One of the key extras here is that you can view the prologue to the movie in four different colour hues; the accepted standard sepia, the original colour camera footage (restored from a new 2k scan), the B and W version (which is a clever reference to an 'infamous' mistake!) and a new fourth-way: presented as an homage to this cult-classic from Maestros Lucio Fulci and DOP Sergio Salvati, a new alternative version is proposed using for the first time the colour camera footage as the base on which toning is applied - with reference to Salvati's known thinking. This results in very vivid visuals where the reds of the gore are strikingly visible and the light from the torches and car headlights are much more luminous. All four are branched so you can watch the movie seamlessly enabling you to view and comparisons can be seen in the extras section of the disc.

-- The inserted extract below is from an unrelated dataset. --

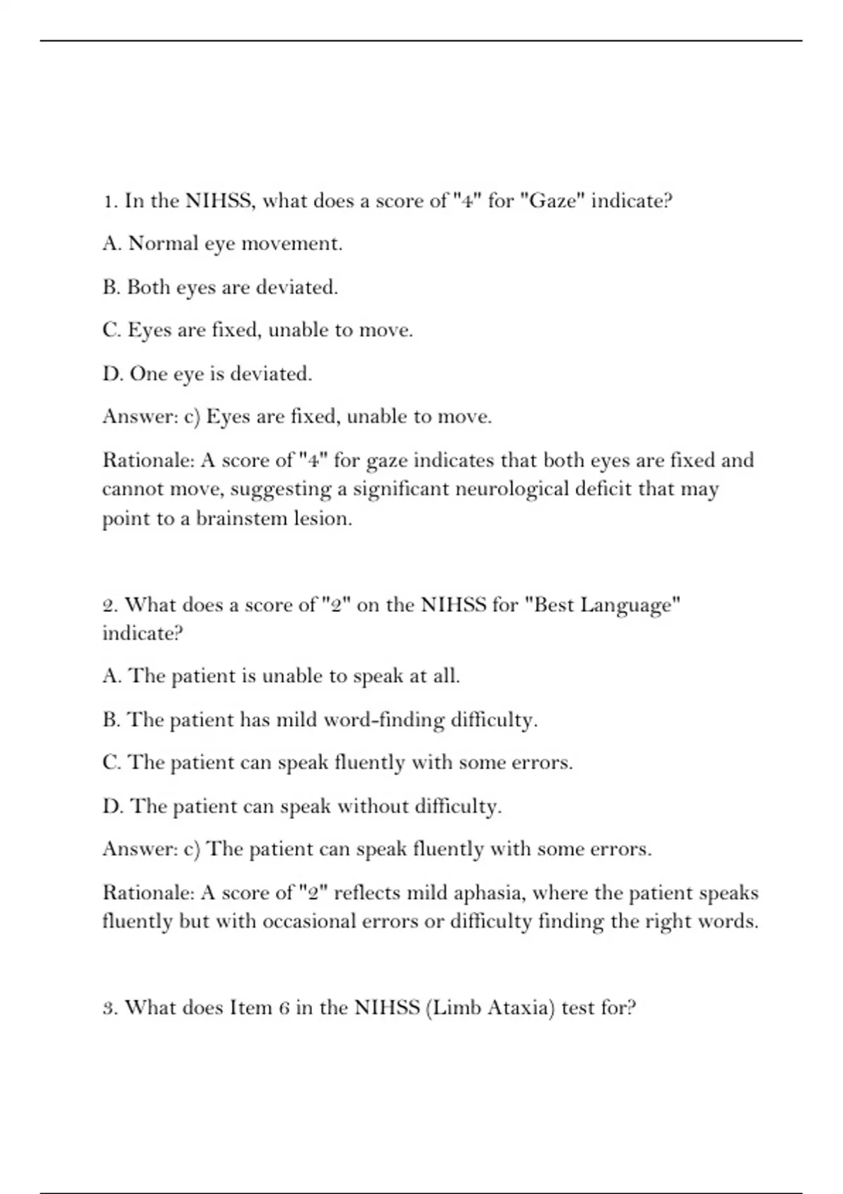 6. Which of the following best describes the NIHSS test for "Motor

Other new extras include an interview with Cinzia Monreale (with English subtitles), an interview with Michele Mirabella (with English subtitles) a unique interview with scriptwriter Giorgio Mariuzzo on working with Lucio Fulci (with English subtitles), Prologue four-way comparison showing the original colour, B and W, standard sepia and the new, fourth-way, a golden version of toning over colour.
The archive extras include Sergio Salvati (Director of Photography) feature-length audio commentary dissecting the film - with new English subtitles, a feature-length audio commentary from stars Catriona McCall and David Warbeck and Lucio Fulci speaks (short conversation on a film set).
The transfer itself is stunning and brings to life the gruesome effects which still pretty much stand up some forty years on. Fulci delivers close up upon close up of each gory moment. The soundtrack too is nice and sharp delivering the dull droning of the score to maximum effect.
Shameless have taken a classic and given it the five star release it deserves and will make any Fulci fan very, very happy, and me looking to buy more shelves.